Evaluation of Susceptibilities to Carbapenems and Faropenem Against Cephalosporin-Resistant Neisseria gonorrhoeae Clinical Isolates with penA Mosaic Alleles

Abstract

Neisseria gonorrhoeae is a principal pathogen for sexually transmitted infections, especially for male urethritis. Currently, the prevalence of multidrug resistance is increasing. Carbapenems are broad-spectrum antimicrobials that are widely used in the clinical setting, especially for multidrug-resistant Gram-negative bacteria. However, susceptibility to carbapenems has not been well evaluated for cephalosporin-resistant N. gonorrhoeae isolates. In this study, we determined the susceptibility to a series of carbapenems (meropenem, imipenem, doripenem, and biapenem) and faropenem against cephalosporin-resistant (resistant to cefixime, but susceptible to ceftriaxone) and cephalosporin-susceptible N. gonorrhoeae clinical isolates. The gene mutations associated with β-lactam resistance were evaluated. All cephalosporin-resistant N. gonorrhoeae isolates possessed mosaic mutation alleles in penA (NG-STAR penA-10.001, 27.001, or 108.001). They exhibited a low minimum inhibitory concentration (MIC) (≤0.125 mg/L) for meropenem and markedly high MICs (0.5–2 mg/L) for other carbapenems and faropenem. The strongest association was observed between the mosaic alleles in penA and decreased susceptibility to carbapenems and faropenem compared with mutations in mtrR, porB, and ponA. These results suggest that meropenem may serve as an alternative therapeutic agent for cephalosporin-resistant N. gonorrhoeae with a mosaic allele in penA, whereas other carbapenems and faropenem may be ineffective.

Introduction

Neisseria gonorrhoeae is a principal pathogen for patients with male urethritis and pharyngitis.^1–4 Currently, the high prevalence of multidrug resistance of this pathogen, including resistance to penicillins, fluoroquinolones, tetracyclines, and most cephalosporins, is of urgent clinical concern worldwide.^5,6 One of the third-generation cephalosporins, cefixime, has been approved for gonococcal infections; however, an increase of resistance to this drug and clinical cases of treatment failure with it have been reported.^7,8 Therefore, the sole, effective, first-line antimicrobial agent, ceftriaxone, in combination with/without azithromycin is recommended for gonococcal urethritis and pharyngitis according to the European STI guidelines, guidelines of the Centers for Disease Control and Prevention, and World Health Organization.^2–4 However, the emergence of ceftriaxone- and azithromycin-resistant N. gonorrhoeae was reported in 2010 and 2012, respectively, and failures of these treatments also have been reported.^9–12 Therefore, the need for alternative antimicrobials for use against multidrug-resistant N. gonorrhoeae infection is pressing.

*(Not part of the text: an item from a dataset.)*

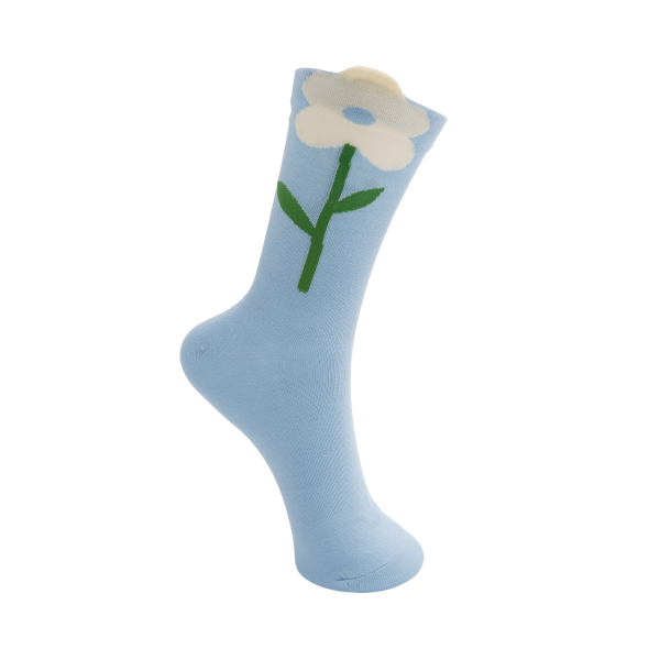 Fine strømper i en smuk lyseblå nuance med en dekorativ blomst placeret på ydersiden – en lille detalje, der gør hele forskellen. De er strikket i en blød bomuldskvalitet med elastan, som giver god fleksibilitet og en behagelig pasform hele dagen.

Carbapenems are broad-spectrum antimicrobials widely used in the clinical setting, especially for multidrug-resistant Gram-negative bacteria.¹³ Biapenem and doripenem are clinically approved carbapenems in Japan, as are meropenem and imipenem. In addition, an oral penem, faropenem, which is a synthetic β-lactam agent, is also approved for clinical use in Japan.^14,15 Carbapenems and faropenem display high antimicrobial activity against various Gram-positive and -negative bacteria, including multidrug-resistant isolates.^16–18 However, their potencies against cephalosporin-resistant N. gonorrhoeae have not been well elucidated.

The mechanisms of resistance against β-lactam antimicrobials are attributed to amino acid changes caused by nucleotide mutations in penA, mtrR, porB1b (penB), and ponA in N. gonorrhoeae.^19–23 In particular, mosaic mutations in penA, which encodes penicillin-binding protein 2 (PBP2), are the main contributors to penicillin G and cephalosporin resistance. However, genetic associations between mutations in β-lactam resistance-associated genes and decreased susceptibility to carbapenems or faropenem are not well understood.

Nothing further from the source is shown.